A smooth interface can not only construct complex hierarchical abstraction, but also construct asynchronous abstraction. In the callback-based asynchronous mode, the synchronization and nesting of multiple asynchronous calls are difficult to use. Sometimes a slightly complicated call and synchronization relationship will cause the code to be full of complicated synchronization checks and layer-by-layer callbacks, which is hard to understand and maintain. This problem is essentially the same as the preceding HTML example because most common languages do not regard Asynchronization as the basic element/semantics, and many asynchronous implementation modes compromise the language. To solve this problem, I wrote an asynchronous DSL Based on smooth interfaces using JavaScript. The sample code is as follows:

//Javascript$.begin()    .async(newTask('task1'), 'task1')    .async(newTask('task2'), 'task2')    .async(newTask('task3'), 'task3').when()    .each_done(function(name, result) { console.log(name + ': ' + result);})    .all_done(function(){ console.log('good, all completed'); })    .timeout(        function(){             console.log('timeout!!');            $.begin()                .async(newTask('task4'), 'task4')            .when()                .each_done(function(name, result) {                    console.log(name + ': ' + result); })            .end();            }        , 3000).end();
The above code is just a javascript statement, but from another perspective it is like a DSL program that describes asynchronous calls.
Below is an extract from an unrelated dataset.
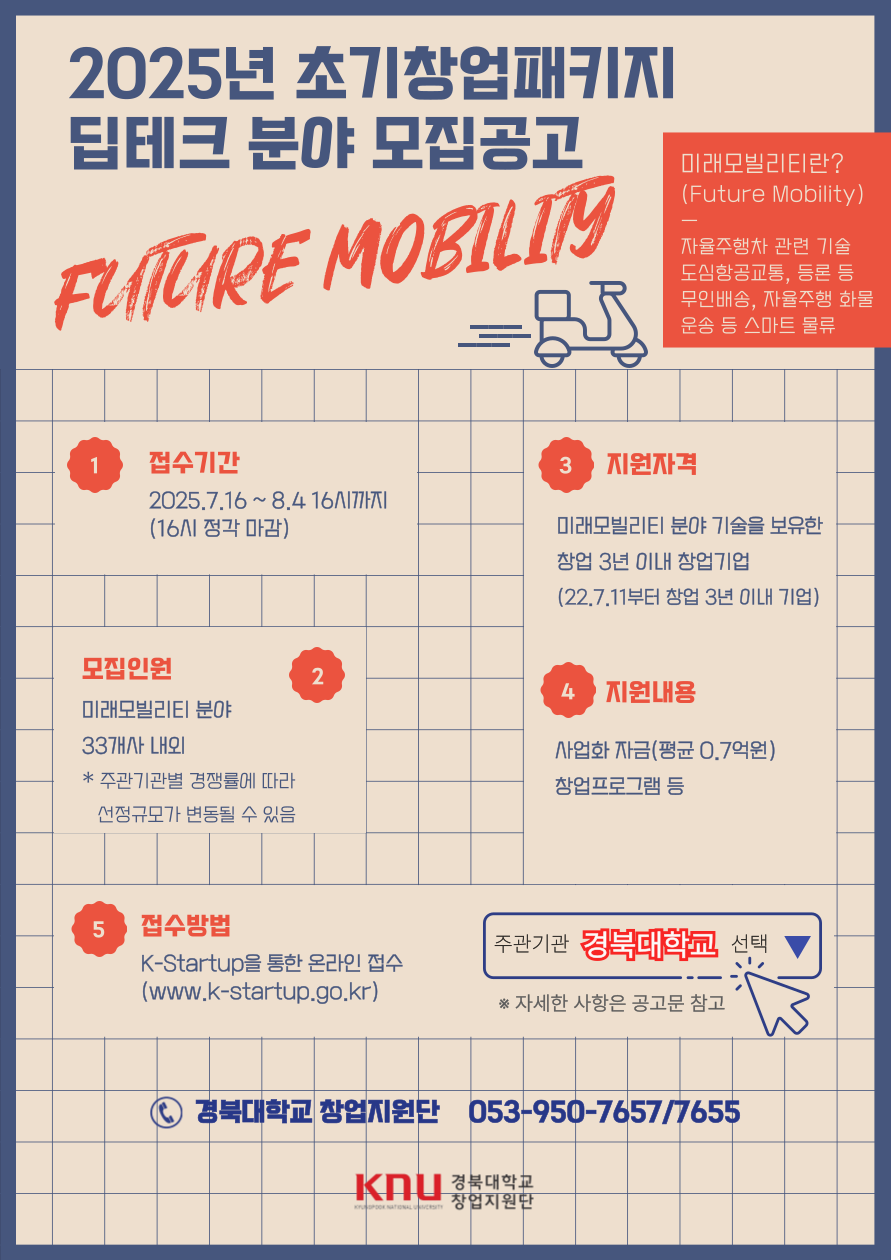 | [경북대학교 창업지원단] 2025년 초기창업패키지(딥테크 분야) 모집 | |||

It defines the syntax structure of whin when end through a smooth interface, followed by the Code for starting asynchronous calls, and the Code for processing asynchronous results after when. You can select each_done, all_done, one or more timeout types. The whin when end structure can be nested. For example, the above Code contains another begin when end structure in the timeout Processing Branch. Through this DSL, we can better express the synchronization and nesting relationships of asynchronous calls than callback-based methods.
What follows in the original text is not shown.